- Born: May 15, 1935 (age 91) Milwaukee, Wisconsin, US
- Occupations: Author, music journalist

= Sue Cassidy Clark =

American music journalist

Sue Cassidy Clark (born May 15, 1935) is an American music journalist and photographer who specialized in soul, gospel, and rock music in the late 1960s and early 1970s. Many of the individuals with whom Clark conducted interviews were musical pioneers, and the period in which the interviews took place was a time when American popular music was evolving rapidly.
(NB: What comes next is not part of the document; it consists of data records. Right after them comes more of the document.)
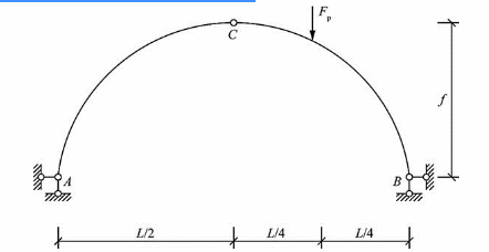图示三铰接拱,若高跨比f/L=1/2,则水平推力FH为( )。
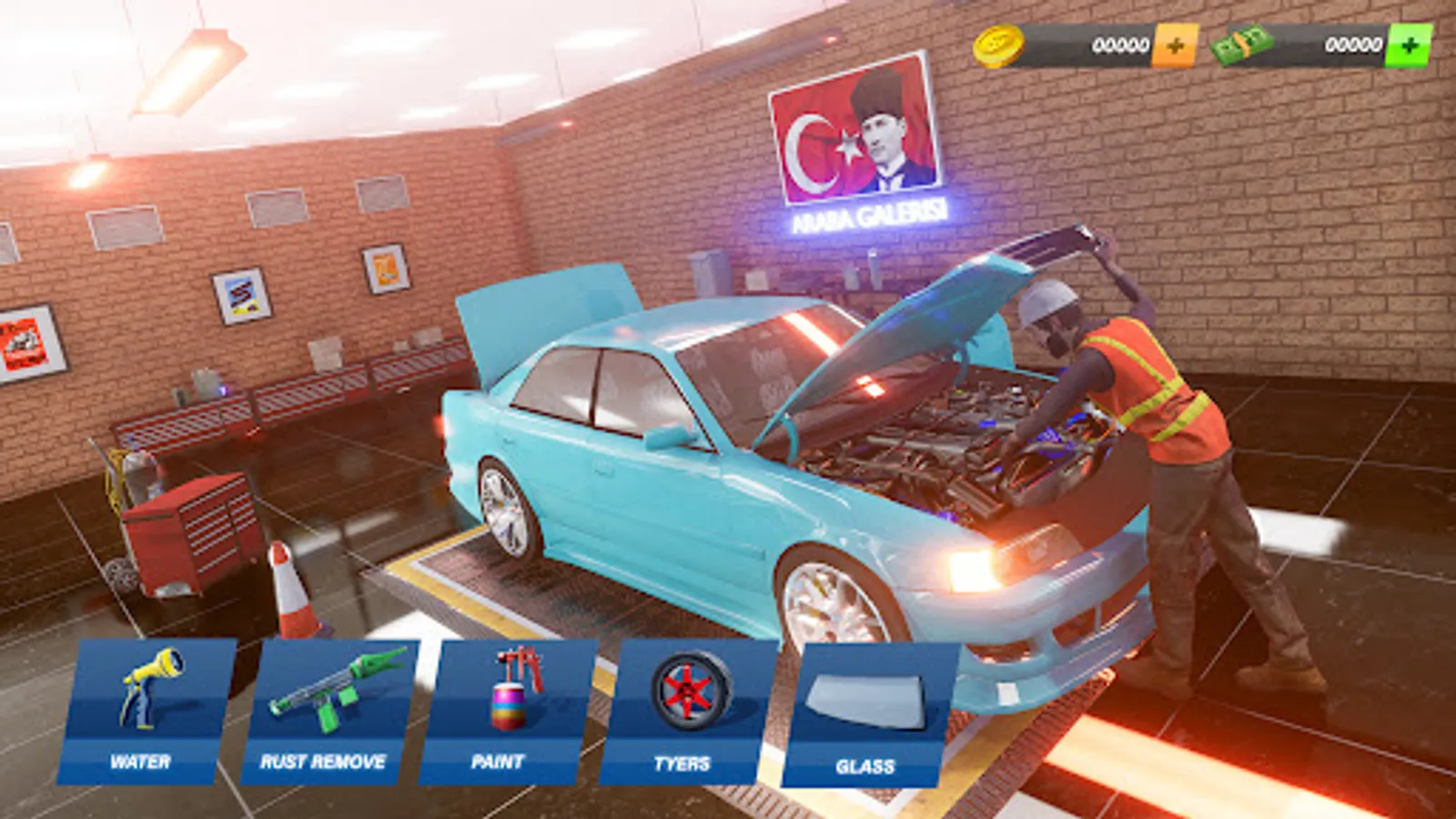 Work as car mechanic simulator on the interior, exterior and restore old cars
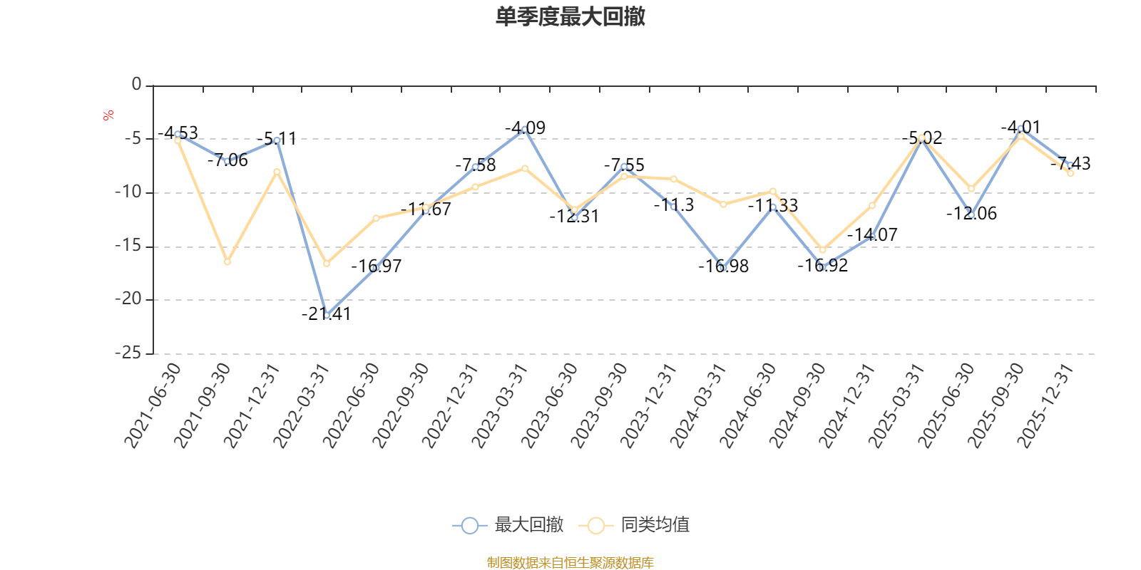 截至1月22日,基金近三年最大回撤为28.65%,同类可比基金排名13/29。单季度最大回撤出现在2022年一季度,为21.41%。
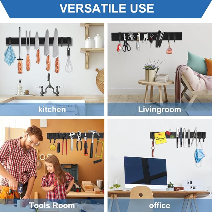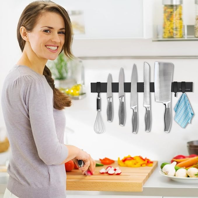 - ORGANIZE KITCHEN: The magnetic knife holder can help you organize your knives. Besides, there are also 3 hooks, hang kitchen utensils and items. Make your kitchen more convenient and tidy
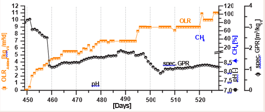 Figure 6: Test period II. The implemented, automatic Fuzzy logic feedback control was tested over a period of 736 trial days. Automatic substrate feeding of the 1 m3 fermenter 3x/d with a pump controlled by Fuzzy logics and the Fuzzy rules of Fig. 2, 3. Pictured are the days 449-528 with the control parameters pH, methane content [%] of the produced biogas, specific GPR [m3/kgVS] and the OLRAdded kgVS/(m3d). The diagram shows the given increase of OLR from 2 to 9 kgVS/(m3d) under the direction of automatic Fuzzy logic feedback control.
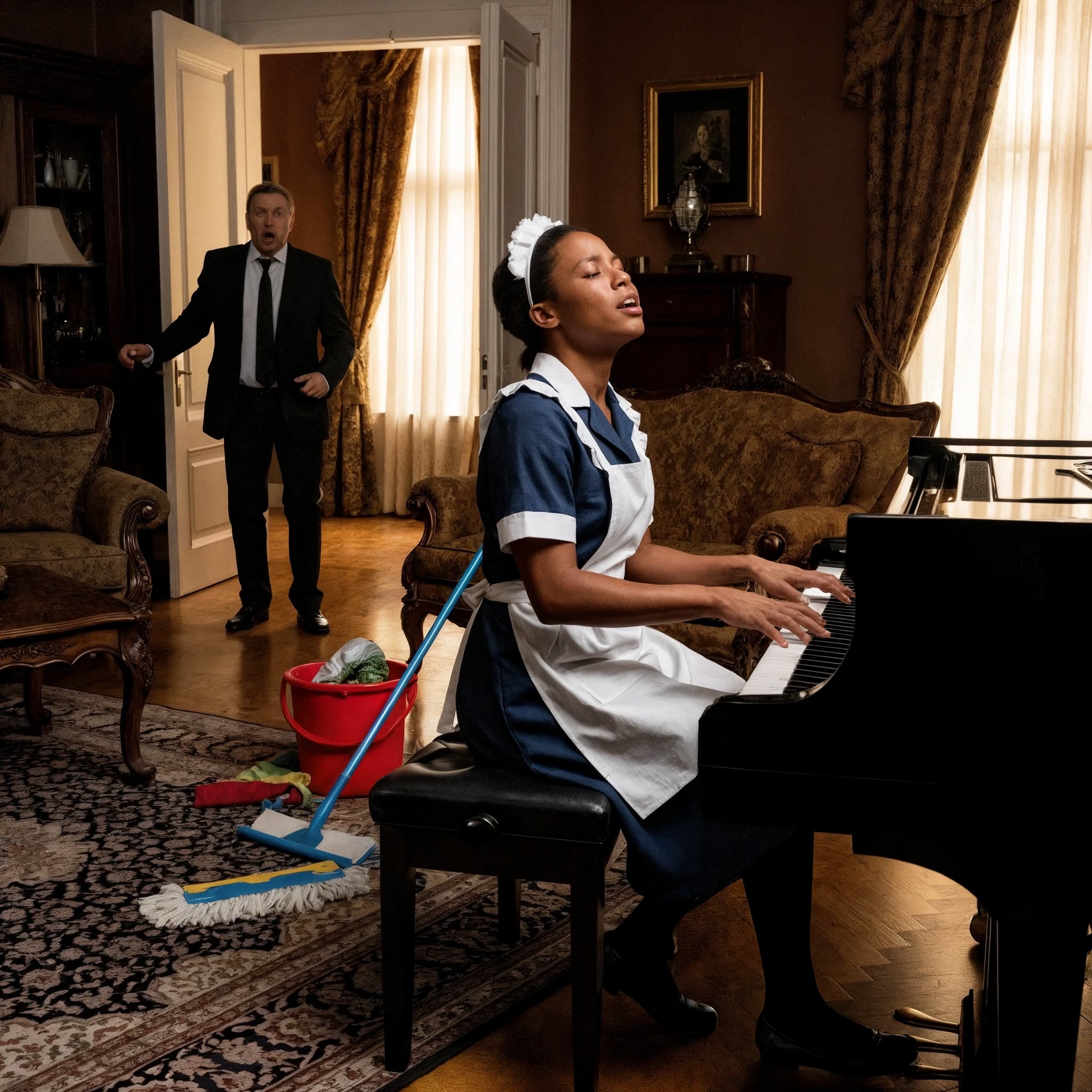 Maïa, son employée de maison, était assise devant le clavier, les yeux fermés, les doigts effleurant les touches avec une grâce naturelle. Une harmonie vibrante emplissait l’espace.
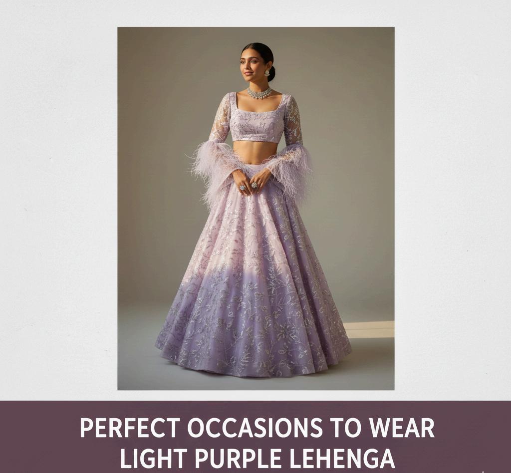 A light purple lehenga gives a soft and fresh look that fits many events The tone suits many skin shades and blends well with a square-neck blouse The feather embroidery adds a light finish that feels new and clean This makes it easy to wear for long hours without stress
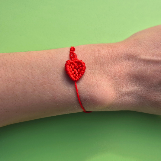Μαρτάκι Χειροποίητο Μακραμέ Μικρή Κόκκινη Καρδιά Μικρή με Xαντράκια για Ενήλικες και Παιδιά

Over the course of her life, Clark has interviewed many notable musicians, including Jerry Butler, Jerry Wexler, Creedence Clearwater Revival, The Doors, Aretha Franklin, Dizzy Gillespie, The Grateful Dead, Al Green, Isaac Hayes, Jimi Hendrix, The Isley Brothers, Etta James, Jefferson Airplane, B. B. King, Gladys Knight, Patti LaBelle, Little Richard, Curtis Mayfield, The O'Jays, Wilson Pickett, Otis Redding, Martha Reeves, Smokey Robinson, the Rolling Stones, Nina Simone, Sly Stone, Chaka Khan, David Ruffin, and Tina Turner.

==Publications==
Clark authored Rock: A World Bold as Love in 1970 and The Superstars: In Their Own Words in 1972.

She spent most of her time conductive interviews and writing record reviews for major music publications. Clark's work appeared in many magazines, including Billboard, Black Stars, Creem, Hit Parader, Rolling Stone, Rock, Soul Illustrated, and Soul Sounds, Manchete (Brazil).

==Archival collections==
Sue Cassidy Clark's papers exist in two repositories:

Columbia College Chicago's Center for Black Music Research - Sue Cassidy Clark Papers, 1948–1999 (Bulk 1968–1979)
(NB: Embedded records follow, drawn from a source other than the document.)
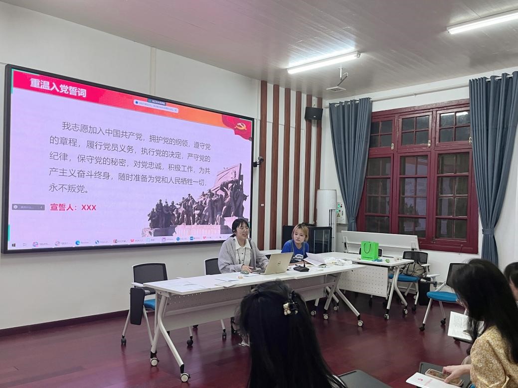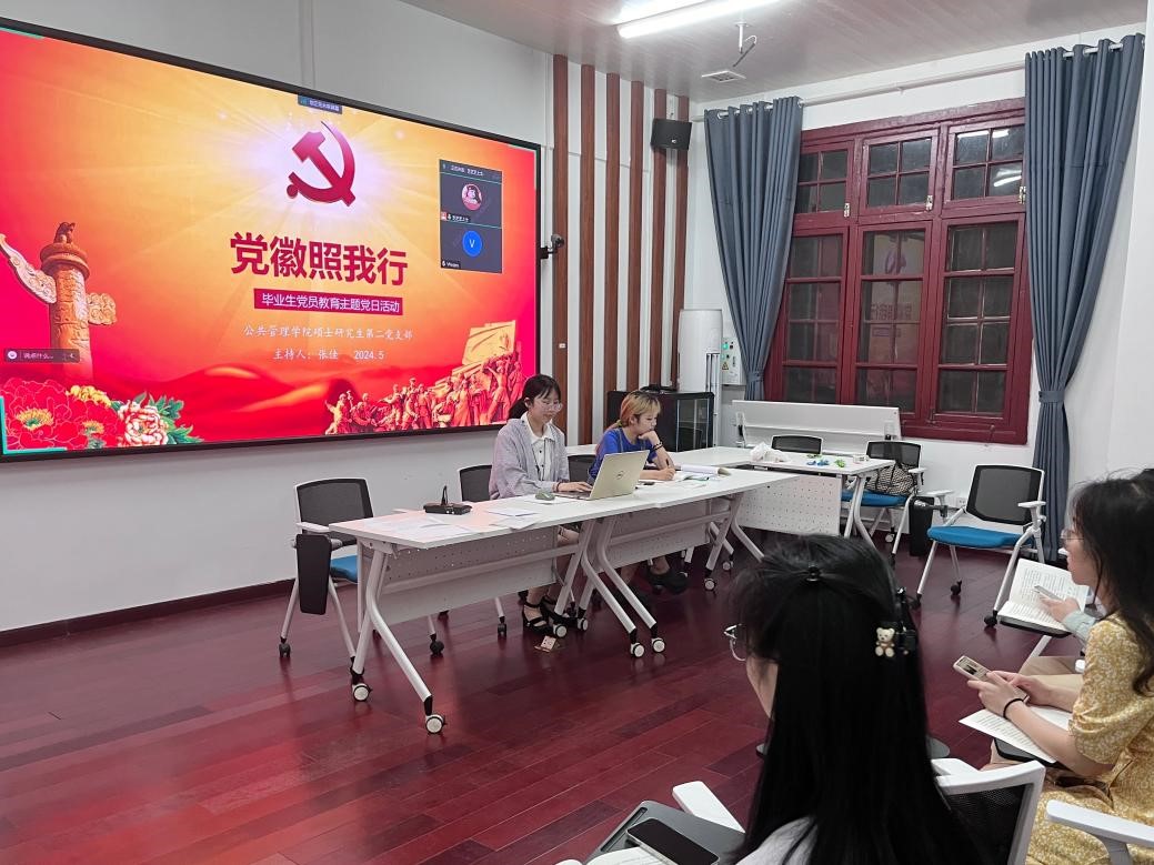 硕士研究生第二党支部在院楼221会议室开展“党徽照我行”毕业生党员教育主题党日活动。党支部书记张佳主持活动,支部全体党员参加。
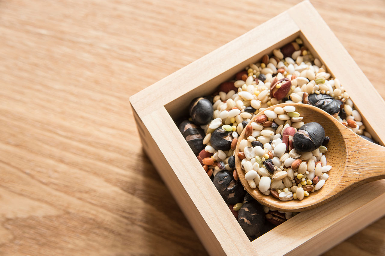 とうもろこし(アメリカ産)、大豆、青肌玄米、黒米、うるち玄米、たかきび、ホワイトソルガム、もちきび、もち玄米、ひえ、アマランサス、黒大豆、もちあわ、緑豆、青大豆、赤米、小豆、金ごま、黒ごま、白ごま、はと麦、緑米
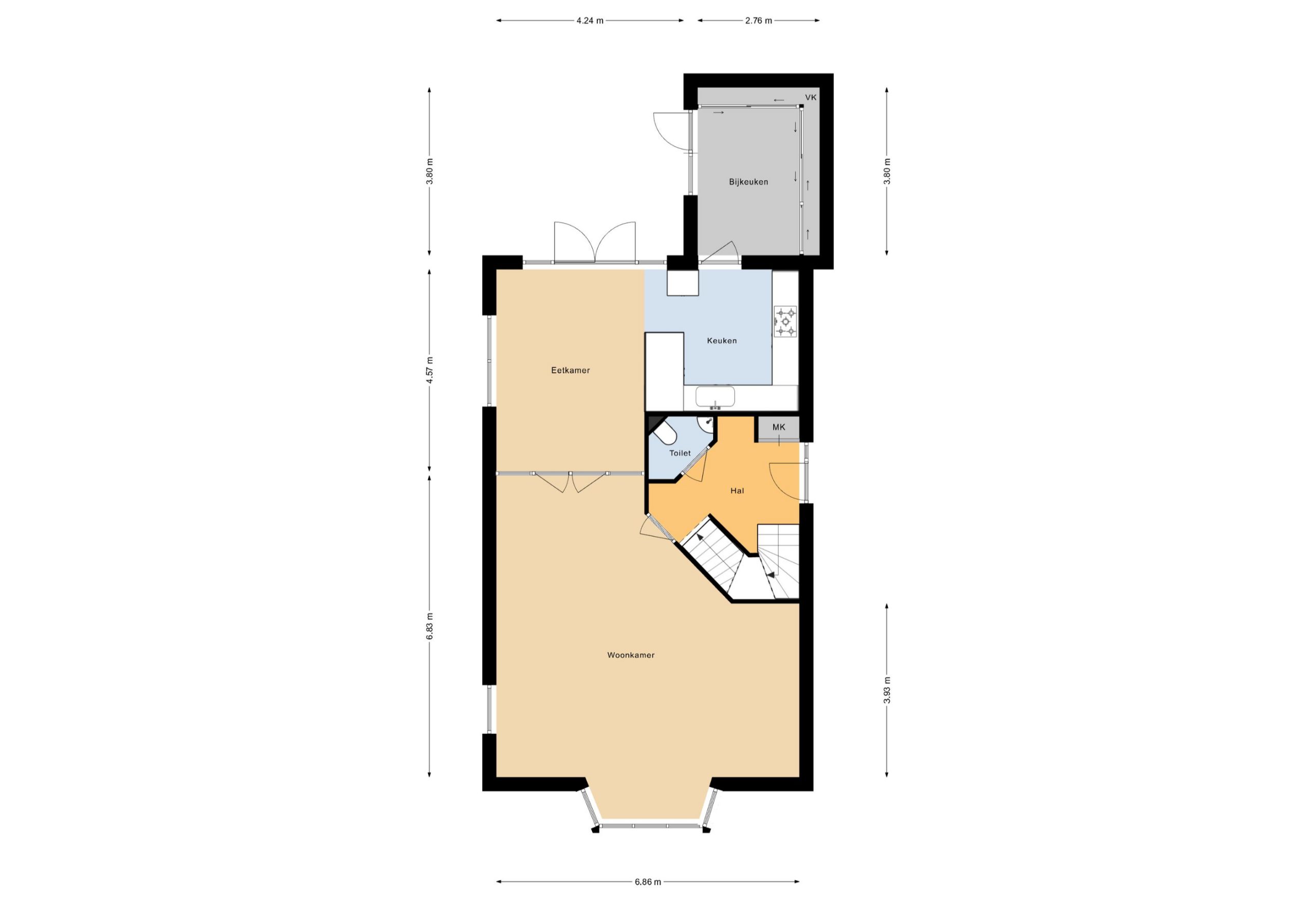 De gehele begane grond is voorzien van vloerverwarming. Vanuit de eethoek en bijkeuken heb je toegang tot de achtertuin.

This collection includes Clark's recorded interviews, interview transcripts, photographs, published articles, correspondence, handwritten notes, clippings, promotional print material, and commercial sound recordings related mostly to Soul, Gospel and R&B.

The Rock and Roll Hall of Fame and Museum - Sue Cassidy Clark Collection, 1966-1974
This collection focuses on artists in the San Francisco psychedelic rock scene as well as prominent rock bands of that era. The Collection is composed mainly of interviews Clark conducted on audiocassettes and their transcripts. Also included in the Collection is biographical research and clippings related to the artists about whom Clark was interviewing and writing, as well as flyers, pamphlets, clippings, and sheet music for bands and artists performing in and around the San Francisco Bay area.